Primeiro, o teste é brutalmente simples. Execute nossa ferramenta contra a Torá real, e as palavras do evangelho pousam nos versículos do evangelho. Então pegue as mesmas letras, embaralhe sua ordem e execute a mesma ferramenta contra a versão embaralhada. Repita com dez embaralhamentos independentes. O alfabeto permanece idêntico. As frequências das letras permanecem idênticas. A única coisa que muda é a ordem. Nos embaralhamentos, os padrões desaparecem. Na Torá real, eles se mantêm. Portanto, o sinal está na própria ordem — não no alfabeto, não na língua, não nas proporções das letras. A ordem das letras de Moisés sabe o que está dizendo.
Segundo, a escala é enorme. A Torá possui 304.805 letras distribuídas em cinco livros. Os padrões não surgem em um versículo escolhido a dedo, mas de forma consistente em todo o corpus — as onze palavras do evangelho em um ritmo, o quarteto da purificação em um capítulo, o ápice do heatmap em um rito, as citações independentes dos apóstolos nas mesmas faixas superiores. A chance de tudo isso se alinhar por acidente é tão pequena que a calculadora desiste de tentar imprimi-la.
Terceiro, três métodos independentes concordam. Os códigos de salto de quarenta e nove letras foram encontrados pela contagem de letras. O heatmap de densidade temática foi computado comparando palavras de superfície com palavras do substrato. As citações dos apóstolos foram extraídas do Novo Testamento, quinze séculos antes de qualquer computador existir. Três métodos cegos. O mesmo punhado de versículos. «Por boca de duas ou três testemunhas, toda palavra será confirmada» (2 Coríntios 13:1).
Quarto, o texto não mudou. Os Manuscritos do Mar Morto, copiados antes de Cristo, correspondem à Bíblia hebraica que ainda lemos hoje, letra por letra, nos livros que se sobrepõem. Nenhum escriba medieval inseriu isso furtivamente. Quem quer que tenha impresso a marca d'água nas letras o fez antes que o livro fosse um livro — e ele tem sido fielmente copiado desde então.
Quinto, nenhum autor humano planta um tesouro que não pode ser aberto por três mil anos. Um homem que escreve para sua própria era, escreve para sua própria era.

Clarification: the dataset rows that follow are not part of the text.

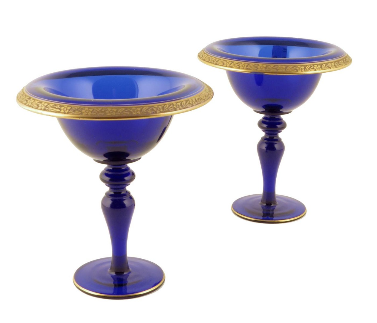 A pair of late 19th century blue glass tazzas, each with a flower and leaf gilt rim, 17.1cm high, 115.5cm diameter. (2)
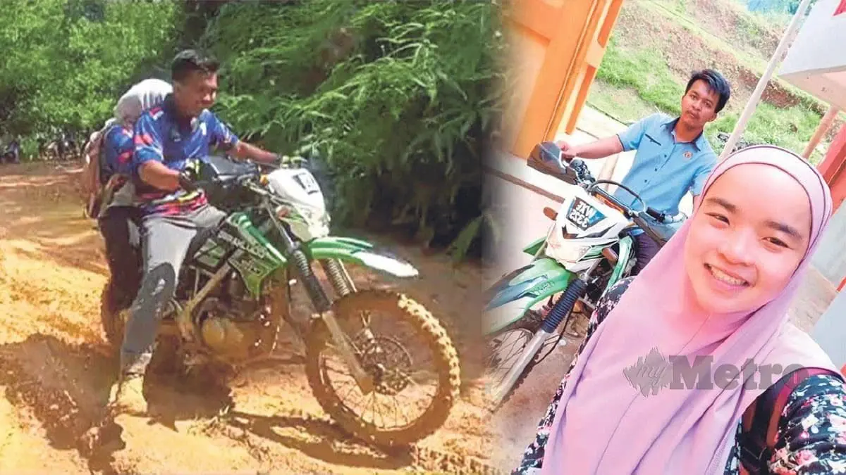 Muhammad Haqqi Annazili Rusdi, 29, and his wife, Noor Syazwanie Mohamad, 26, traverse 40km on a dirt bike every week to reach their workplace, Sekolah Kebangsaan (SK) Bihai in Gua Musang, according to Kosmo.
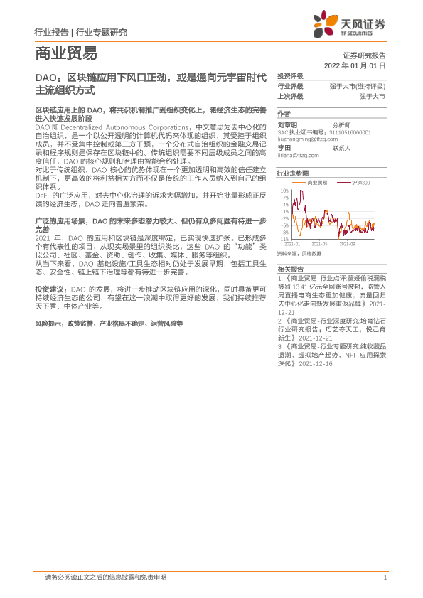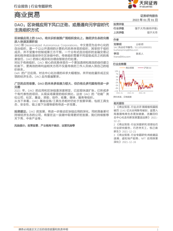 【天风证券】【20220101】DAO:区块链应用下风口正劲,或是通向元宇宙时代主流组织方式-13页
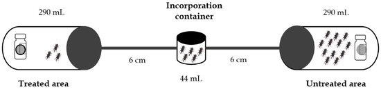 The repellent action was measured using an olfactometer with static air, consisting of two 290 mL bottles connected by a tube (l = 6 cm, d = 0.7 cm), with a container (44 mL) located in the central part of the duct (Figure 1). In one of the bottles corresponding to the treatment, a 1.5 mL vial was placed that had a 2 cm diameter Whatman® No. 1 paper disc impregned with different volumes of EO, corresponding to concentrations between 6.2–22.7 μL/L of air. In the other bottle was placed a 1.5 mL vial with paper without EO, and this acted as a control. Adult S. zeamais insects (20 per assembly) were incorporated through the central container of the connecting tube. The test was executed in darkness, and the olfactometer was rotated in order to make sure that the behavior of the insects only depended on the repellent action. The activity reading was done at 2, 6, and 24 h after the application, and the number of insects present in both containers (treated and untreated) were recorded. All treatments were performed in triplicate [26]. The repellency percentage (RP) was calculated as

Apenas um Autor que vê do início ao fim deixa uma marca d'água cujo selo é quebrado por uma geração que Ele nunca encontrará deste lado do véu. «Para sempre, ó SENHOR, a tua palavra está firmada nos céus» (Salmo 119:89).
Matemática pura. Impossível de falsificar. E impossível de descobrir antes do dia em que os computadores pudessem verificar.
Se você respeita a matemática, você está agora confrontado pelo fato de que os próprios números lhe dirão que a Torá é íntegra, e que nenhuma mão humana — não importa quão astuta, não importa quantas mãos trabalhando juntas por quantos séculos — poderia tê-la escrito. A ordem das letras carrega um sinal coordenado através de 304.805 posições. O sinal converge com o significado da superfície nos versículos de maior densidade. Três métodos independentes, separados por quinze séculos, apontam para o mesmo punhado de versículos sobre purificação e Cristo. O texto foi transmitido inalterado desde antes dos apóstolos. E o selo da marca d'água não poderia ser aberto até a nossa geração. Números não mentem. Os números dizem uma coisa: este Livro vem de Deus.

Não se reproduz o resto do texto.